Engineering researchers pave the way for more efficient radio spectrum sharing
BLACKSBURG — Television, radio, and wireless signals ride on a cluster of frequencies in the radio band of the electromagnetic spectrum, and the band is increasingly crowded.
The Federal Communications Commission is opening up bands of spectrum that were previously restricted to a few priority users, including the military.
Virginia Tech College of Engineering professor Jung-Min “Jerry” Park is leading a $730,000 National Science Foundation grant to find ways to make this transition as smooth as possible.
Imagine the military and the other priority users as dedicated swimmers in the lap lanes of a swimming pool, and the FCC just declared a free swim. Freeing up the spectrum will lead to innovation and new economic opportunities, but the influx of newcomers poses risks to the incumbent users such as dropped calls, degraded signals, radio jamming, and even piracy.
The FCC’s plans to provide incumbent users with a wide, insulating boundary, often called an exclusion zone, separating them from new users. In this type of environment, incumbent users have first dibs on the spectrum, and the secondary users can access what’s left over.
But the schema for divvying up the spectrum produces boundaries that are static and too large, squandering the spectrum’s potential to the tune of billions of dollars, according to some estimates.
The Virginia Tech project, called “Dynamic exclusion zones: Balancing incumbent protection and spectrum utilization efficiency,” is a collaboration with William Lehr from the Massachusetts Institute of Technology.

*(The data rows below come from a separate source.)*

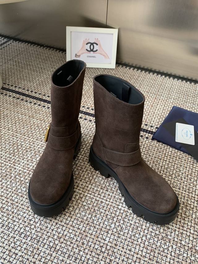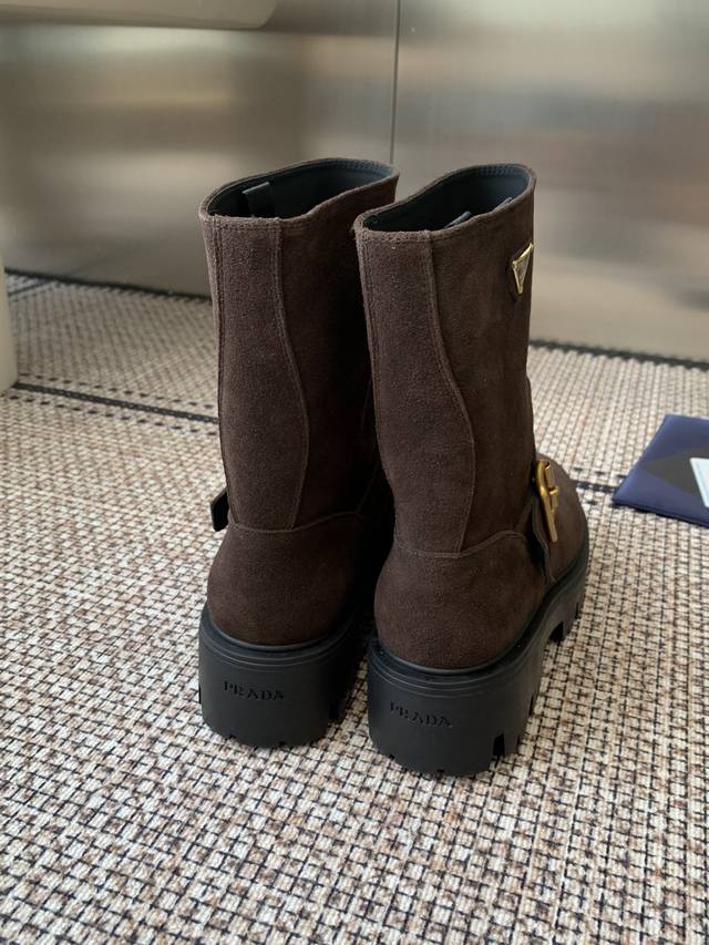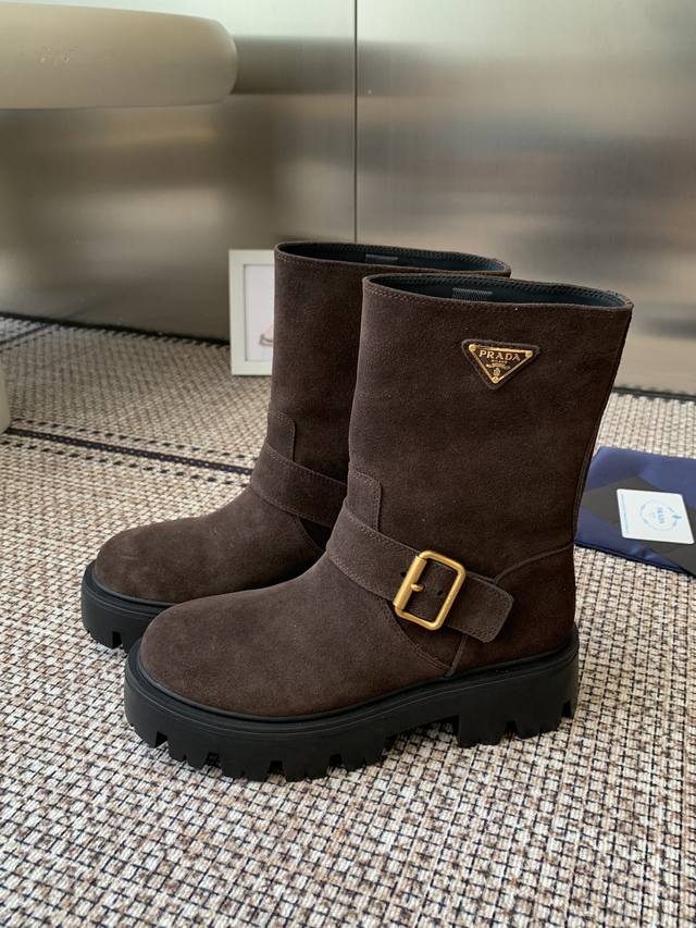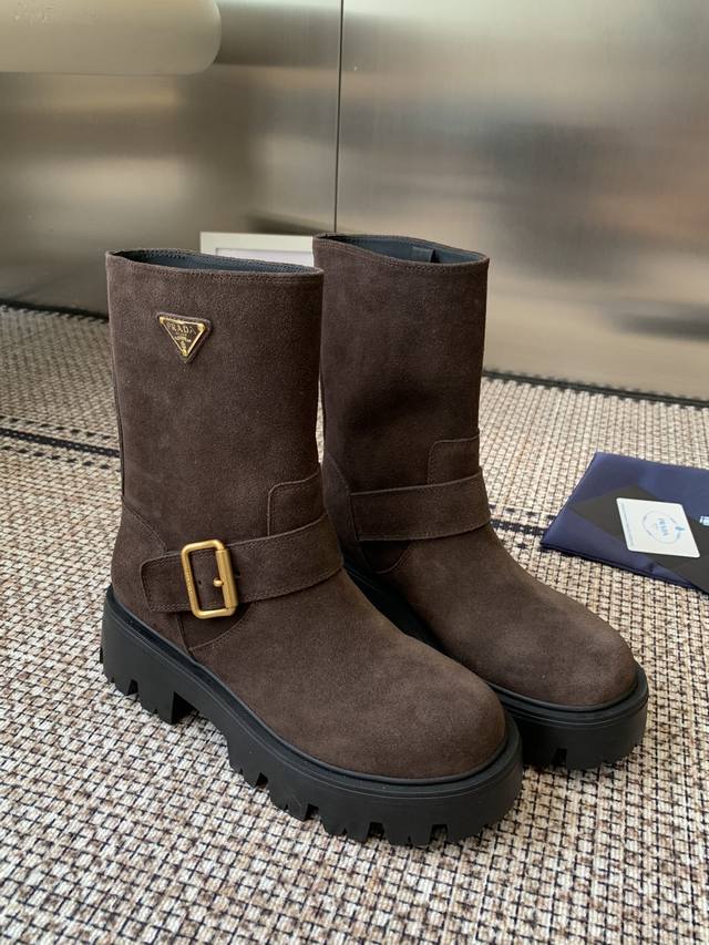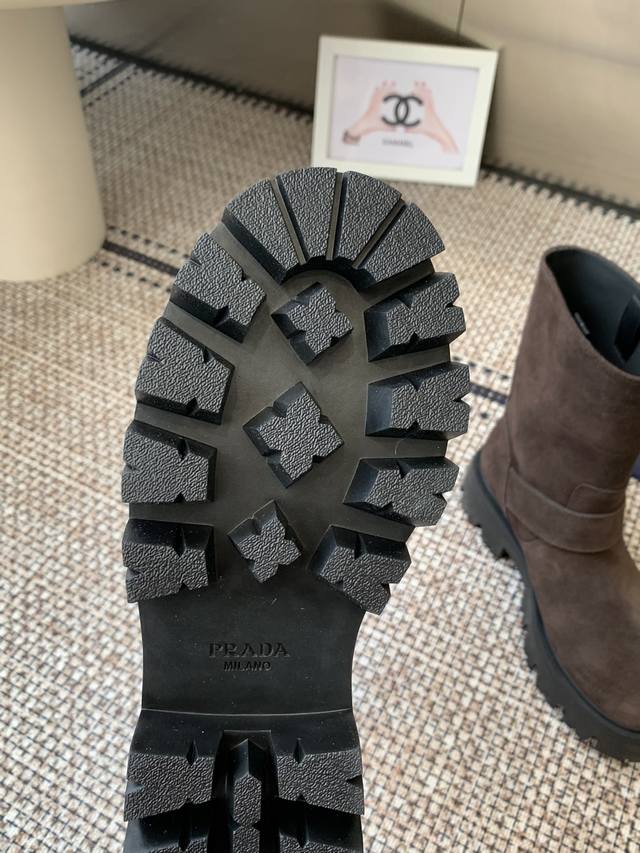 Leather cowhide leather Prada 25Ss classic triangle logo slip-on boots for women. A collection you can't find in winter, this is definitely the hottest item this year! They're so pretty! Prada boots are truly amazing! They're so stylish and slim, and they're the perfect balance of style and elegance. Upper: cowhide leather Lining: cowhide Outsole: Original molded outsole Sizes: 35-41 40.41 made to order, no returns or exchanges.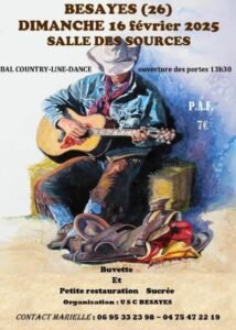 Le Dimanche 16 Février 2025, AM Bal Country Line Dance à partir de 13h30, chez *USC Besayes* , Salle des Sources, à Besayes (26), Drome.
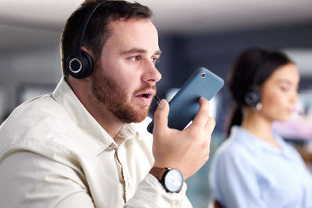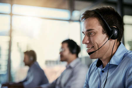 Call Center Service. Photo of customer support or sales agent. Help line answering and telemarketing. Male caller or receptionist phone operator.Copy space for some text, advertising or slogan.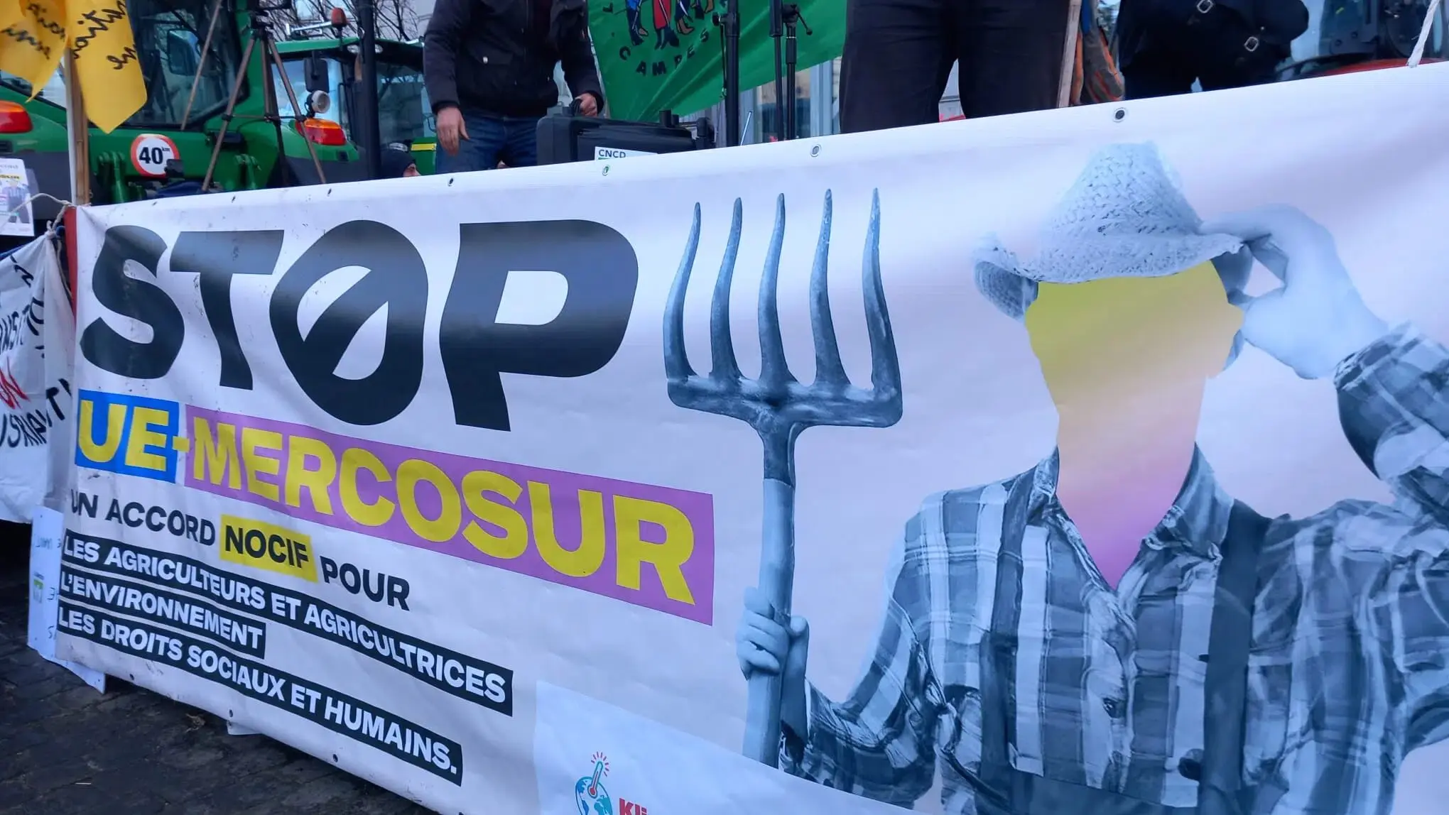 Protests in a French countryside. The sign reads, “NO to Mercosur,” Dec. 2024. X/ @PoingdeVues

Park, of the Bradley Department of Electrical and Computer Engineering, and his collaborators intend to develop a new strategy supporting blueprints for flexible exclusion zones, or an adjustable boundary, that can respond dynamically to the incumbent protection requirements and the interference environment. In this way, incumbent users will still have safe, clear access to their frequencies, but secondary users will be able to make efficient use of the spectrum when it’s free.
“Our goal is to develop new frameworks for supporting dynamic exclusion zones that will enable much finer-grained, dynamic management of spectrum,” said Park. “The proposed framework expands opportunities for secondary users to coexist with incumbent users without causing harmful interference.”
The proposed models will account for terrain and other real-world environmental factors that might cause interference. The frameworks will also incorporate the economic challenges and incentives of managing shared spectrum access. By tailoring the boundaries of protection to the incumbent protection requirements and the needs of the secondary users, frameworks open up wide swaths of unused spectrum for new users, allowing for a safe and efficient use of a shared and finite resource.
Park is the director of the Laboratory for Advanced Research in Information Assurance and Security. The labs concentration is solving challenging problems in wireless networks and cyber security, with a particular focus on cognitive radio networks, related technologies for spectrum sharing, and their security implications.
Dedicated to its motto, Ut Prosim (That I May Serve), Virginia Tech takes a hands-on, engaging approach to education, preparing scholars to be leaders in their fields and communities. As the commonwealth’s most comprehensive university and its leading research institution, Virginia Tech offers 240 undergraduate and graduate degree programs to more than 31,000 students and manages a research portfolio of $513 million. The university fulfills its land-grant mission of transforming knowledge to practice through technological leadership and by fueling economic growth and job creation locally, regionally, and across Virginia.